• _Work required_:
Nothing but the lines from the first line of the records below to the line holding "62-200 Linkmaster™ LED Wiremapper" belongs in the answer, copied exactly and without pictures.

------

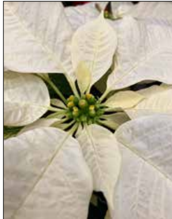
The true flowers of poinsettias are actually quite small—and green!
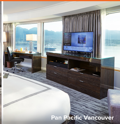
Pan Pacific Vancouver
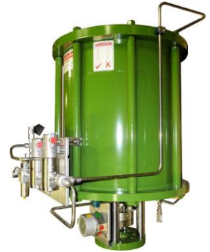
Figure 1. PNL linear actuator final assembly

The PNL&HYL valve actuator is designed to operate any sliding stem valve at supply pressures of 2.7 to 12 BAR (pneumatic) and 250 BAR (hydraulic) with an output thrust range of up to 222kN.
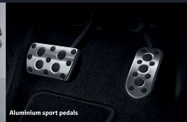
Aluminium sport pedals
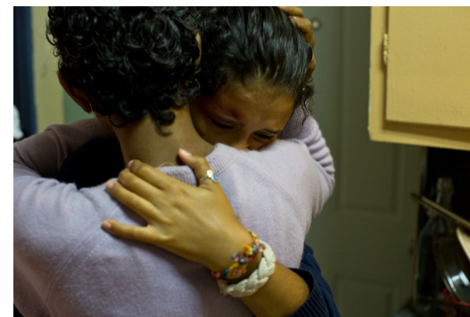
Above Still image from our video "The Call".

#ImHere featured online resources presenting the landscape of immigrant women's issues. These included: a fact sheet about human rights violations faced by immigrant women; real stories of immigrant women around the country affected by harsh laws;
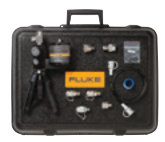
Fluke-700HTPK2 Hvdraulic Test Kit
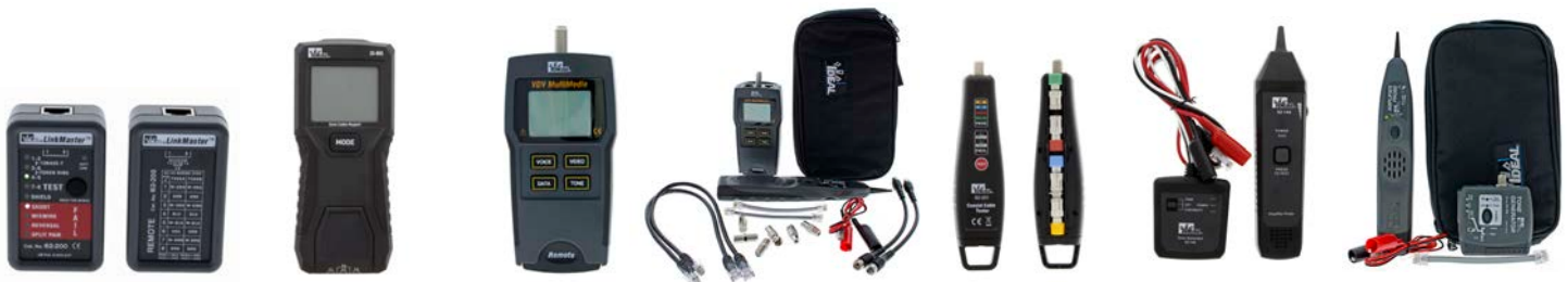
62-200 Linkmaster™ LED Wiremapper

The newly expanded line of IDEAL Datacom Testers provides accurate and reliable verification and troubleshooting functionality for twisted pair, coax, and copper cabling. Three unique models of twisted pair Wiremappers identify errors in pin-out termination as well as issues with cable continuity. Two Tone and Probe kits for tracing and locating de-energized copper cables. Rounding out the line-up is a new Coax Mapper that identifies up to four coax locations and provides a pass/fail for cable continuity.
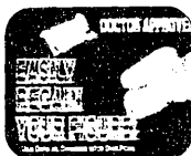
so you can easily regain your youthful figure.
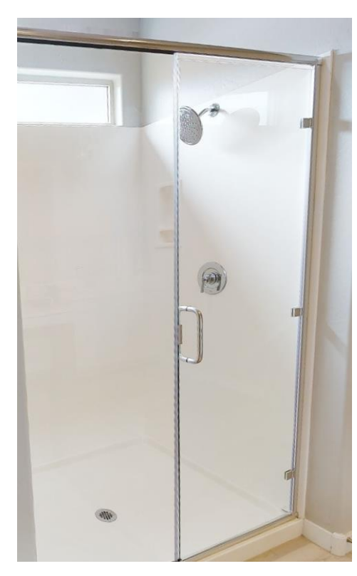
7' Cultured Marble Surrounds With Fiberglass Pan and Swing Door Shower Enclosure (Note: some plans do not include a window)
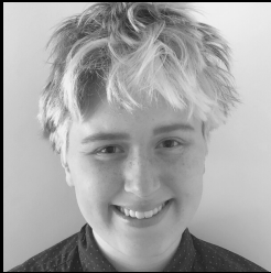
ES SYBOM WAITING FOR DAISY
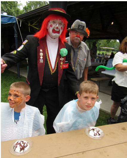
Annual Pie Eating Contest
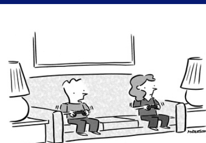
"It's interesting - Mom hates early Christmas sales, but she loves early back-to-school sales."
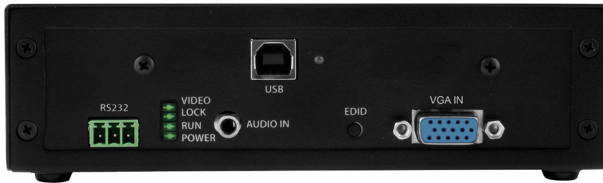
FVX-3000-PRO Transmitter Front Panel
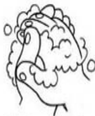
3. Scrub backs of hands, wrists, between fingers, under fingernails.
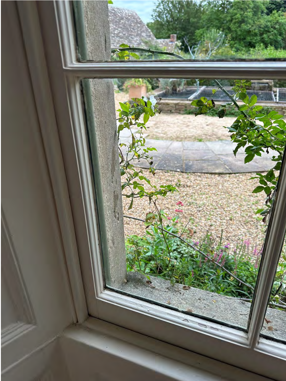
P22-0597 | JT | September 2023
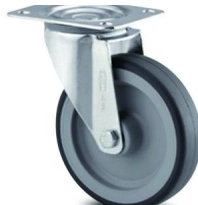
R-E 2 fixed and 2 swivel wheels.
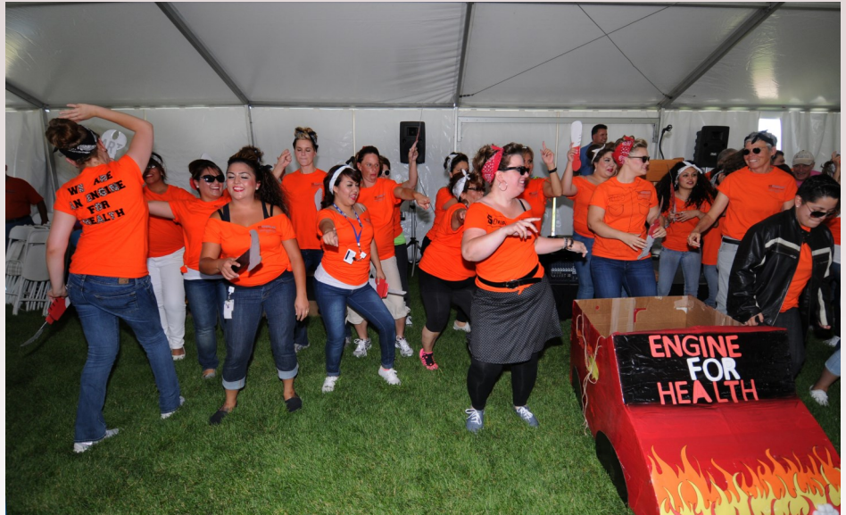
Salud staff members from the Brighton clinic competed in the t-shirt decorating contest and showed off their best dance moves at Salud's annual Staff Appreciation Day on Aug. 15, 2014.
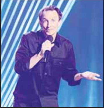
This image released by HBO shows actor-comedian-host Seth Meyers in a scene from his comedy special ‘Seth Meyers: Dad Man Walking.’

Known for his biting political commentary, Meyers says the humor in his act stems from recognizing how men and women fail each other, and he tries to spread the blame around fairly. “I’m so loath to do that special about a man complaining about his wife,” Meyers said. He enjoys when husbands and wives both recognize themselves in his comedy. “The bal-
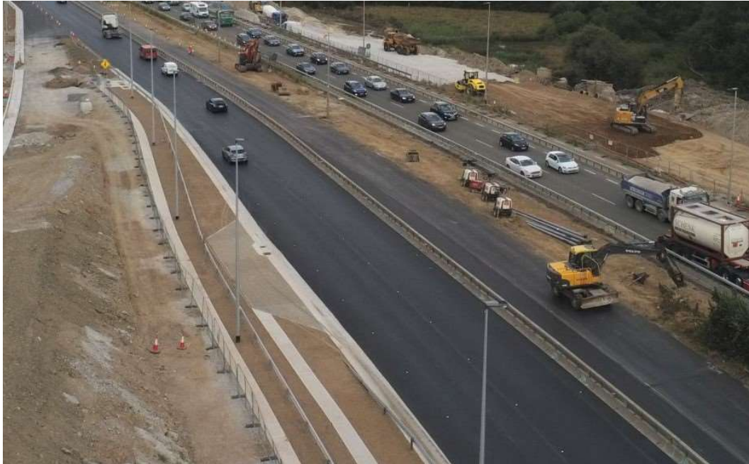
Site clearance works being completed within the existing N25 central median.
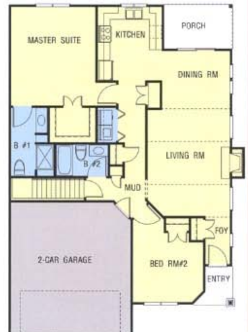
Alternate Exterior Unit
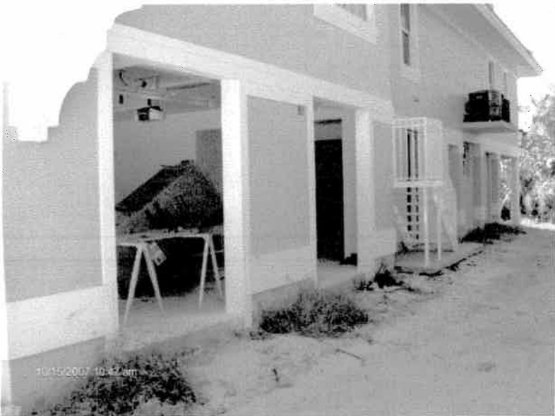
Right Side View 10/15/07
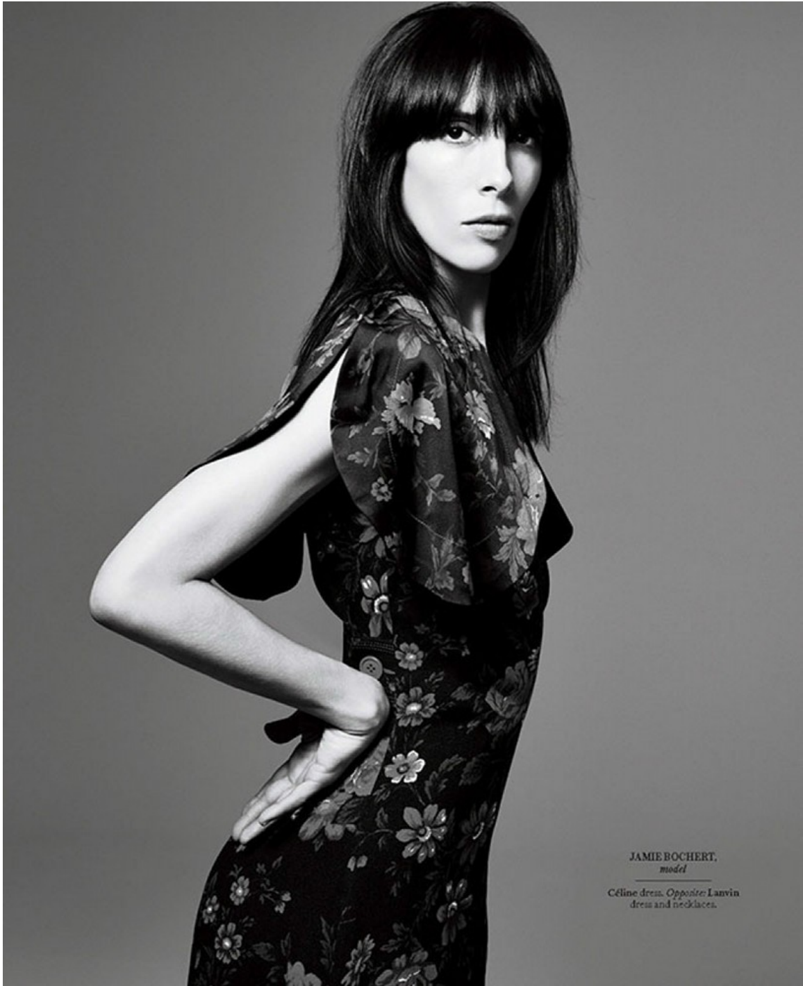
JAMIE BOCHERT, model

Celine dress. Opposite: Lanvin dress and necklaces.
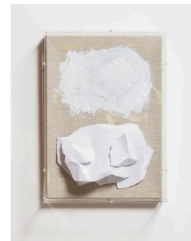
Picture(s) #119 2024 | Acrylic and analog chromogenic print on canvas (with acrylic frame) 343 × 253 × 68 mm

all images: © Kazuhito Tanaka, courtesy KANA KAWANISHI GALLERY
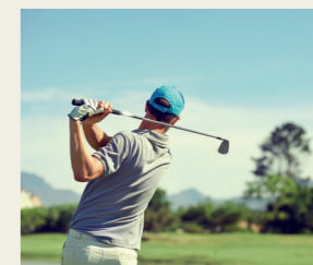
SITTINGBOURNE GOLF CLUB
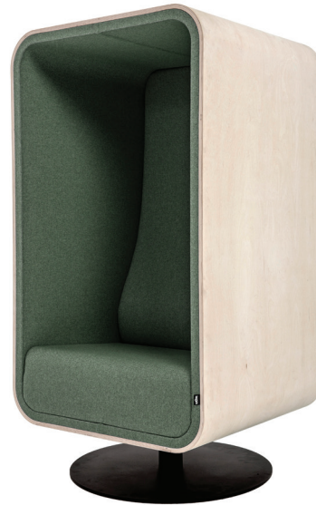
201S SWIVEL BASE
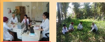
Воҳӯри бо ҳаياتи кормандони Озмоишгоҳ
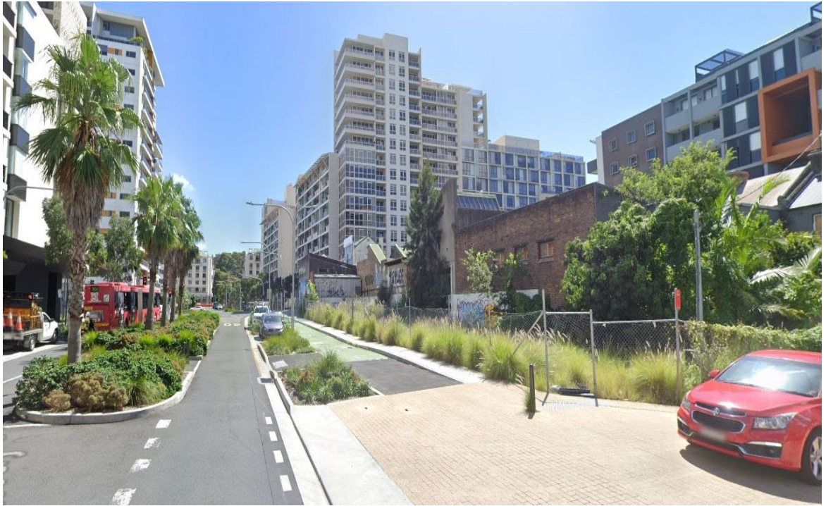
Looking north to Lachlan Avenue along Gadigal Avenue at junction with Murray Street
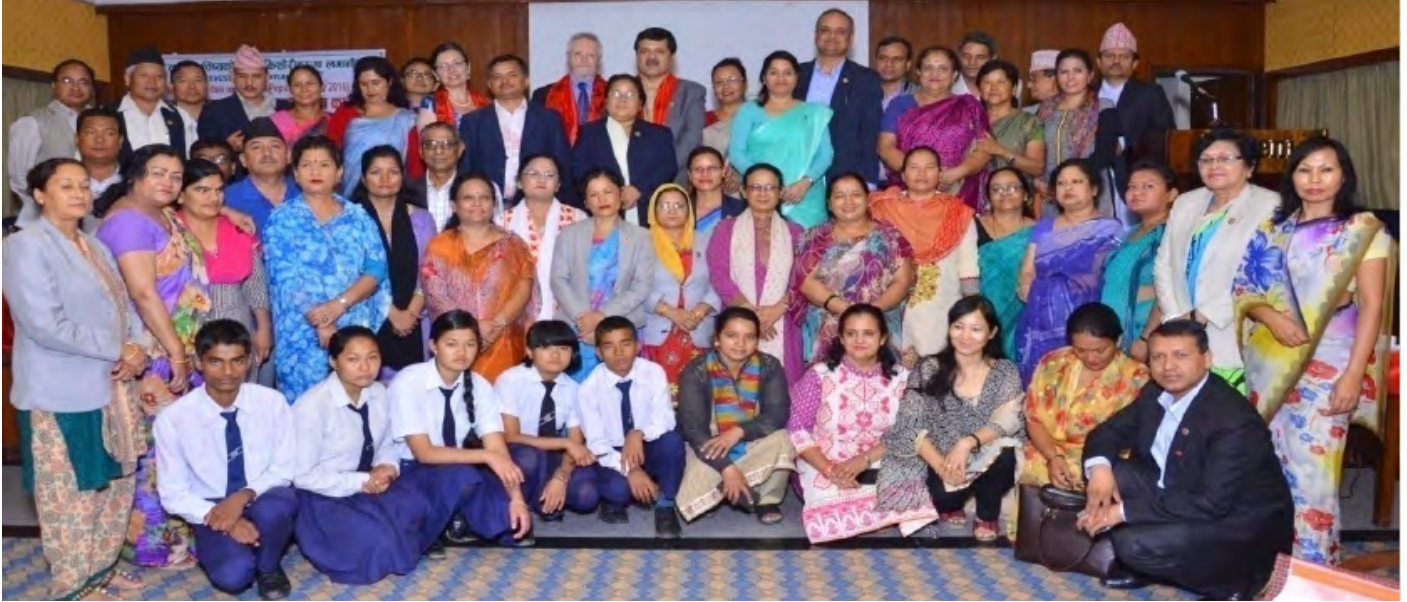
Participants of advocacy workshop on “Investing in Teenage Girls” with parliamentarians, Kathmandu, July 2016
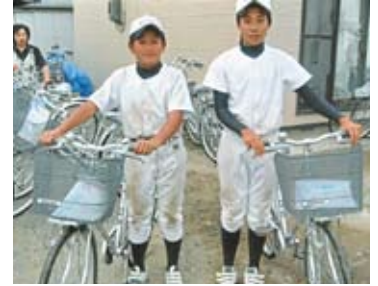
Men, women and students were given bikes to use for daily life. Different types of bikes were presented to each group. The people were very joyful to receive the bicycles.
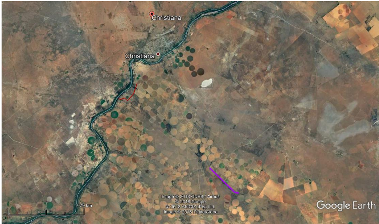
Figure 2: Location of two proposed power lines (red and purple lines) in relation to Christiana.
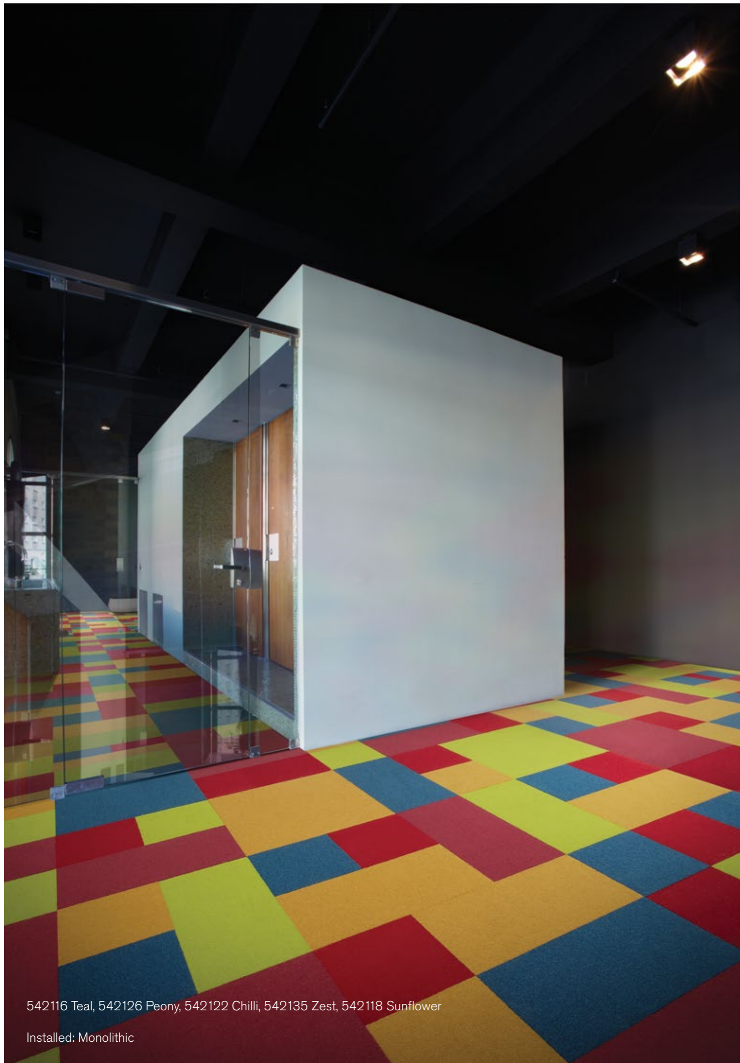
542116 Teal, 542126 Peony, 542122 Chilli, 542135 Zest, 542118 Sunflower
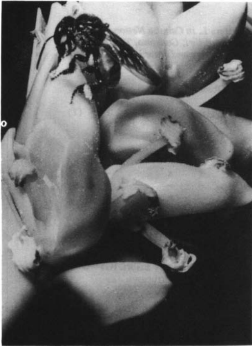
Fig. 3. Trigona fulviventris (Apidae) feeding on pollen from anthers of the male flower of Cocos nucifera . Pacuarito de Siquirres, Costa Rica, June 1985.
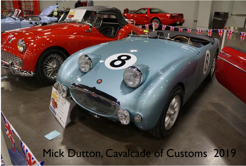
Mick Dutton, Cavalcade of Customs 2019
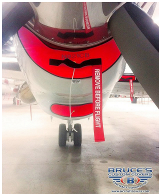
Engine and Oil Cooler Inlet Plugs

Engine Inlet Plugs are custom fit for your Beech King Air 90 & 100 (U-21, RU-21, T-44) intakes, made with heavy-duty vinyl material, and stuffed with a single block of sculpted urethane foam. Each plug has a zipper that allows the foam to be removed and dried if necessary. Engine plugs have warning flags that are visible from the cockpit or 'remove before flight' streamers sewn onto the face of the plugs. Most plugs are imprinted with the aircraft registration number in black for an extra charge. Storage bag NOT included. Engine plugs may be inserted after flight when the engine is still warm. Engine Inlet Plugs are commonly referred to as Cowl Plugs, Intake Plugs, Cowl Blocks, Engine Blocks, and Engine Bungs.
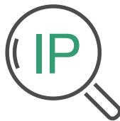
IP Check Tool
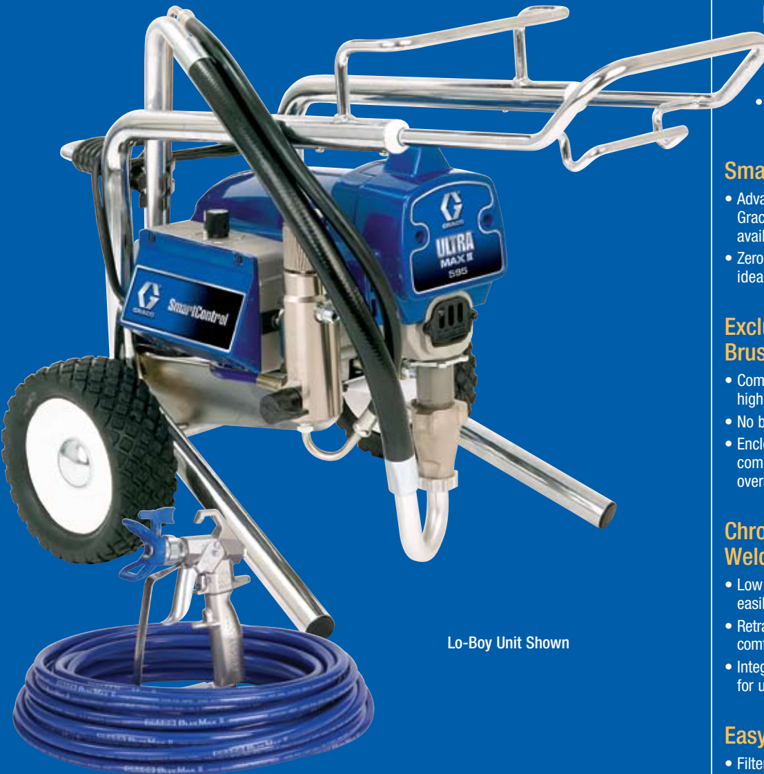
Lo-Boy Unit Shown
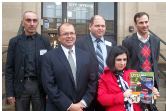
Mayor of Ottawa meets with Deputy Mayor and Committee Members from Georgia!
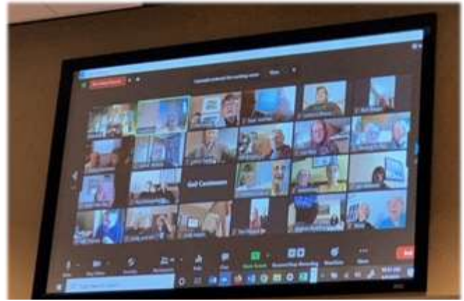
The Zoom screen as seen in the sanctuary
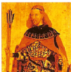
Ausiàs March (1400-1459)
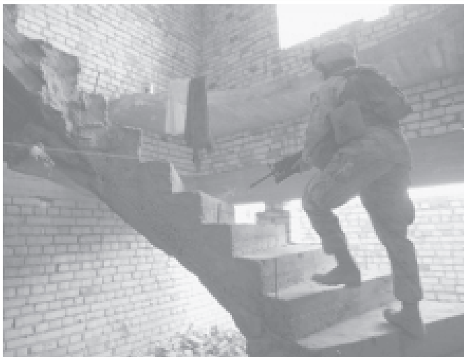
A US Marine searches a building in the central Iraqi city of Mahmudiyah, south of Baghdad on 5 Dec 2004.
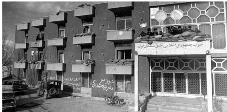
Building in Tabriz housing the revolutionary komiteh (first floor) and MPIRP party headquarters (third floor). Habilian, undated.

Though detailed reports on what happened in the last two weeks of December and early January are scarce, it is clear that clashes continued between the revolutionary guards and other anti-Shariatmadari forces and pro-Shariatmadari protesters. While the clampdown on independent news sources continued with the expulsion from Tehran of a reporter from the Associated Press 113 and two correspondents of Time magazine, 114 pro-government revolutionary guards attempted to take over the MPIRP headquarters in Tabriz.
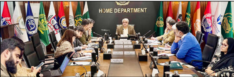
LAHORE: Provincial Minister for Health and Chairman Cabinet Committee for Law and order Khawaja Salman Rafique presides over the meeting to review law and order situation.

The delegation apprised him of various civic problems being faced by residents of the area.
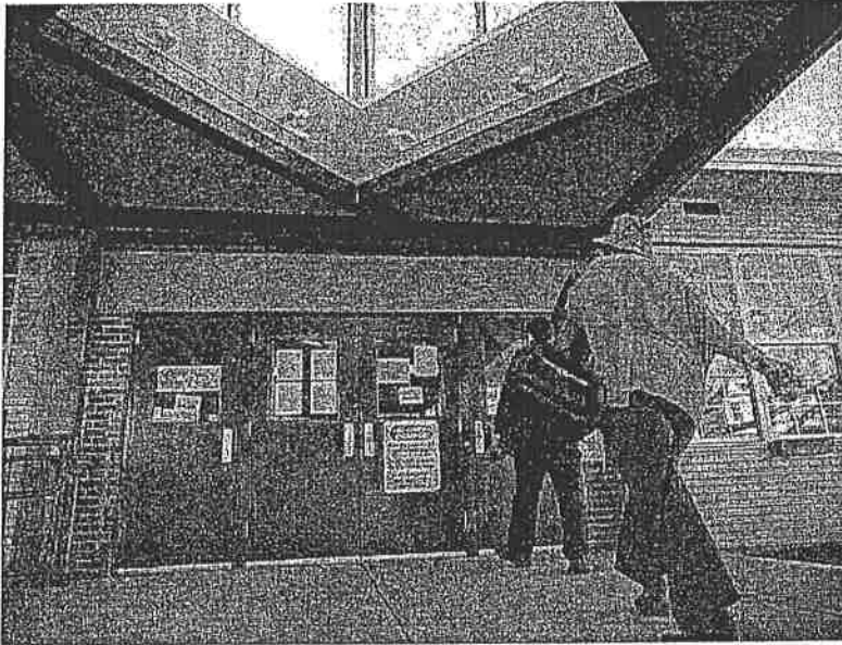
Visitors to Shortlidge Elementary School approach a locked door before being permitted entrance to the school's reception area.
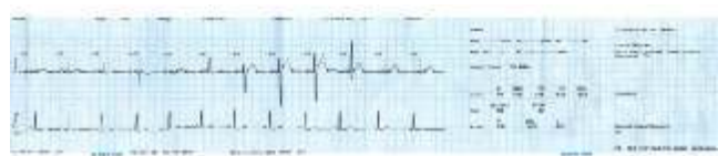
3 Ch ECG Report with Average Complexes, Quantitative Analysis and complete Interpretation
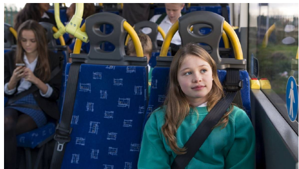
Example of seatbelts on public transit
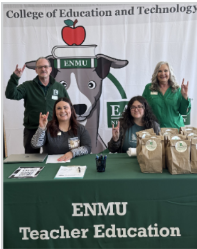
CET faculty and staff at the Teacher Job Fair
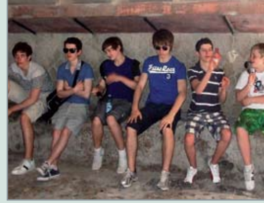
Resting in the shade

------

• _Task result_:
The true flowers of poinsettias are actually quite small—and green!
Pan Pacific Vancouver
Figure 1. PNL linear actuator final assembly

The PNL&HYL valve actuator is designed to operate any sliding stem valve at supply pressures of 2.7 to 12 BAR (pneumatic) and 250 BAR (hydraulic) with an output thrust range of up to 222kN.
Aluminium sport pedals
Above Still image from our video "The Call".

#ImHere featured online resources presenting the landscape of immigrant women's issues. These included: a fact sheet about human rights violations faced by immigrant women; real stories of immigrant women around the country affected by harsh laws;
Fluke-700HTPK2 Hvdraulic Test Kit
62-200 Linkmaster™ LED Wiremapper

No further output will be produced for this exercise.